# Wie kann ich ein String aus einer anderer Klasse in JOptionPane ausgeben?



## hudson28 (1. September 2019)

Ich muss das bekannte Hasen und Hühner programmieren und eigentlich wäre ich schon fertig, aber ich kann den String, in dem steht, wie viele Hasen und Hühner es sind, nicht ausgeben. Ich muss es in einem JOptionPane ausgeben, doch der String ist in einer anderen Klasse.


Hier ist mein String in der Klasse "Tierzaehler"


und hier ist meine JOptionPane in der Klasse TierzaehlerGUI und ich habe schon vieles ausprobeirt, aber irgendwie wird mir "ausgabe" immer rot unterstrichen. Hier sieht man meinen letzten Versuch.

Meine Frage ist also, wie kann ich "ausgabe" in dieser JOptionPane ausgeben?

(und ja ich weiss, dort steht noch Warnung anstatt Information)


----------



## zerix (1. September 2019)

Hallo,

ich vermute mal, dass die Klasse _Tierzaehler_ die Variablen _anzHuehner_ und _anzHasen_ beinhaltet und die oben abgebildete _toString_-Methode beinhaltet.

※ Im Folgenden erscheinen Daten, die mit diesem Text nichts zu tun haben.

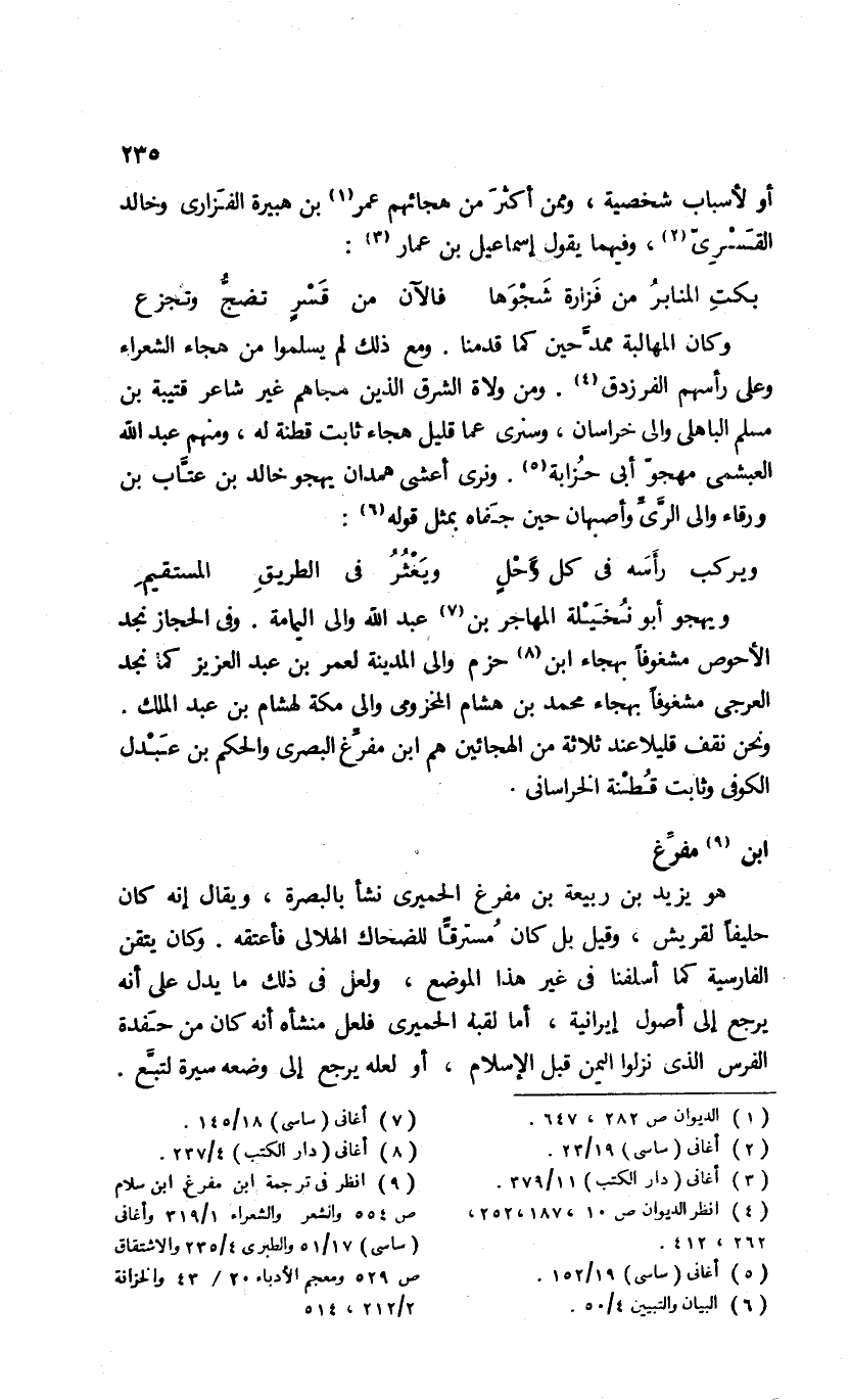 (¬9) انظر فى ترجمة ابن مفرغ ابن سلام ص 554 والشعر والشعراء 1/ 319 وأغانى (ساسى) 17/ 51 والطبرى 4/ 235 والاشتقاق ص 529 ومعجم الأدباء 20/ 43 والخزانة 2/ 212، 514

Versuch es mal einfach mit dem Aufruf _Tierzaehler.toString()._

Die Variable _ausgabe_ existiert bei dir nur in der Methode _toString_ und kannst du nicht außerhalb benutzten, da du sie in der _toString_-Methode anlegst.

Als Tipp, wenn du Code posten möchtest, musst du keinen Screenshot machen, sondern kannst den einfach hier einfügen. Dazu gibt es oben in der Toolbar einen Menü "Einfügen" und dort kannst du Code auswählen. Dann wird der Code auch mit Syntax-Highlighting im Post angezeigt und Personen, die dir helfen wollen, können ihn kopieren ohne ihn abtippen zu müssen.


Viele Grüße
Sascha


----------



## hudson28 (1. September 2019)

Ja, mit Ihren Vermutungen lagen Sie richtig. Wenn ich jedoch Tierzaehler.toString() einfüge, wird leider die ganze JOptionPane unterstrichen, wenn ich es dann richtig verstanden habe.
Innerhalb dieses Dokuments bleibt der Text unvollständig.